Elfcrusher wrote:Or does it represent the tainting of your own "soul"? This gets back to the earlier discussion about running away to save your own skin. Is it evil? I don't think so. But certainly you don't escape unscathed, emotionally, for abandoning your friends.
Cheating on tests is a good analogy: even if you get away with it, you are teaching yourself that cheating works, and by not mastering the material you are increasing the likelihood that you will need to cheat in the future. That is, you are turning yourself incrementally into a Cheater.
So by that measure, even if it is entirely justified to kill a fleeing/surrendering opponent, even if it's an orc, when you do so you have just taken one step closer to becoming a Murderer, and you can't help but think of yourself as such. It's not that an uncorrupt, pure soul would refuse to kill such an opponent on reasoned ethical grounds, it's that he just couldn't bring himself to do it. When you have your character kill in such a way, you are in effect saying, "My character is the kind of person who could/would do that."

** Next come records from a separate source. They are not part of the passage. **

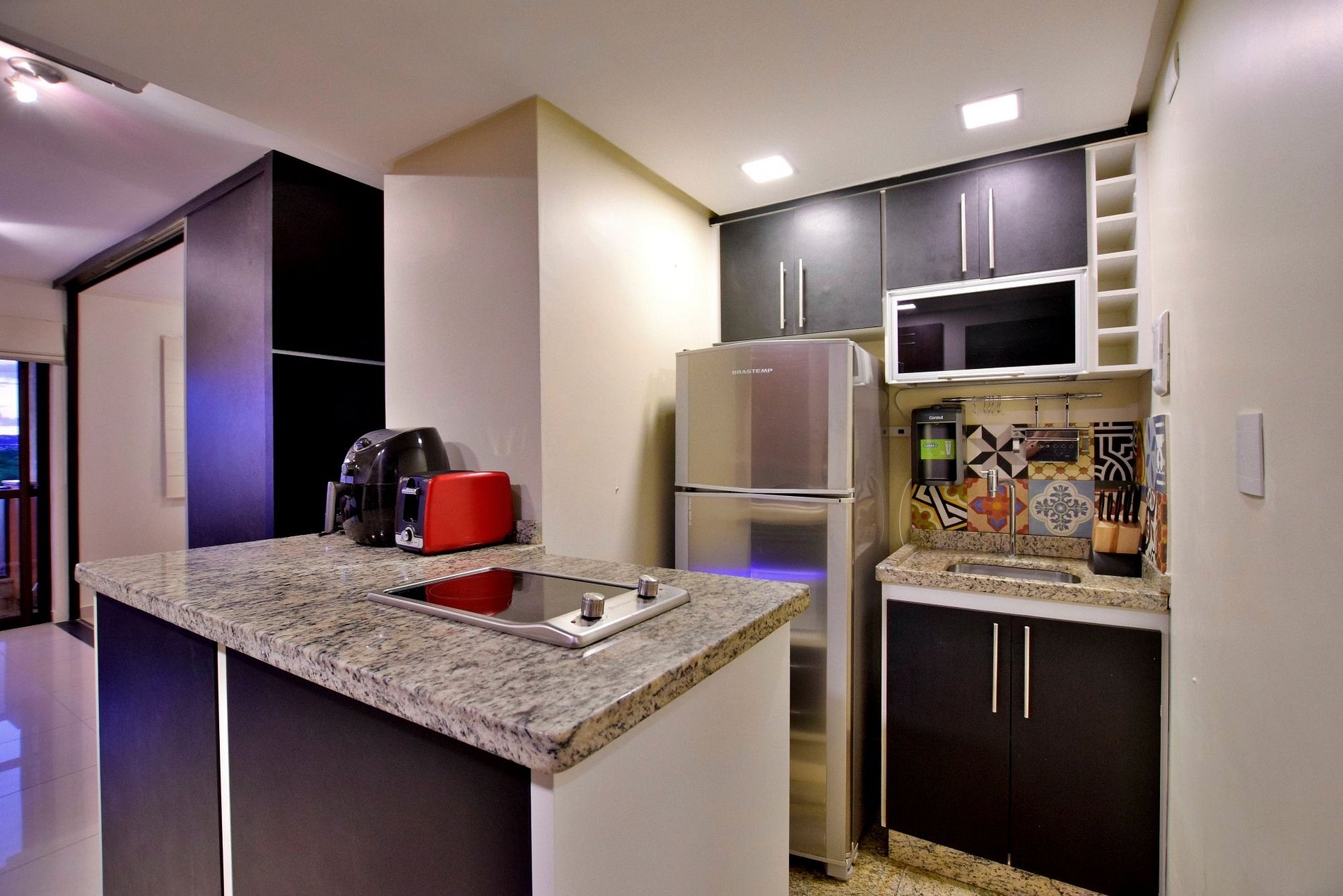Além disso, o condominio é super completo, com uma academia completa, barbearia, conveniência, farmacia, lavanderia e ainda fica ao lado de restaurantes famosos como o Rei do camarão e o Vennice.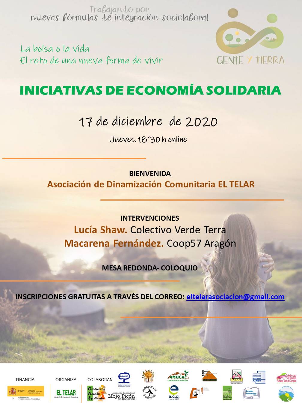 Dentro de las jornadas “La Bolsa o la vida” El reto de una nueva forma de vivir, organizadas por el programa Gente y Tierra de CAS (Colectivos de Acción Solidaria) la Asociación de dinamización comunitaria “El telar” organizamos una charla On-line sobre Iniciativas de economía solidaria. Para conocer experiencias que se desarrollan en las etapas del ciclo económico (producción , distribución, consumo, financiación) y ponen en el centro la vida.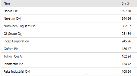 . Tässä on viiden vuoden kovimmat nousijat (jos osasin oikein ottaa), pl. ne jotka ovat tulleet alle viiden vuoden sisällä pörssiin. ![]()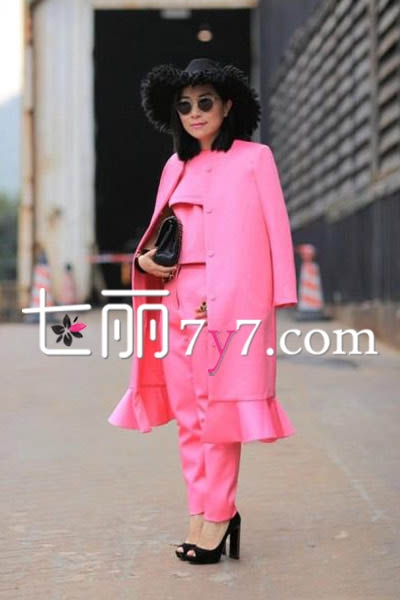 粉色在春天显得格外靓丽抢眼,而这款粉色的套装贵气又可爱,再搭配上黑色的大檐帽感觉就像在度假一般的迷人极了,在披上一个粉色外套,不仅增加了个人气场,更是将完美的粉色搭配进行到到底。

I like this, a lot, and may nick the words to show my players next time I run a game of The One Ring. The shadow mechanic is not something that the players should be scared of. Instead, embrace this part of the game. The loss of Hope is, I think, an inevitable part of the adventuring life. The choices adventuring puts in your path means that difficult decisions are going to have to be made, and there are consequences for those decisions. Characters faced with taking life frequently should become grimmer and hardened. Only those who live in the protected areas can have the luxury of hope. The rest see the darkness in the world, and have decided to take a stand against it. All you can hope for is to retire before you become the monster you fight. It will be willpower alone that stops this.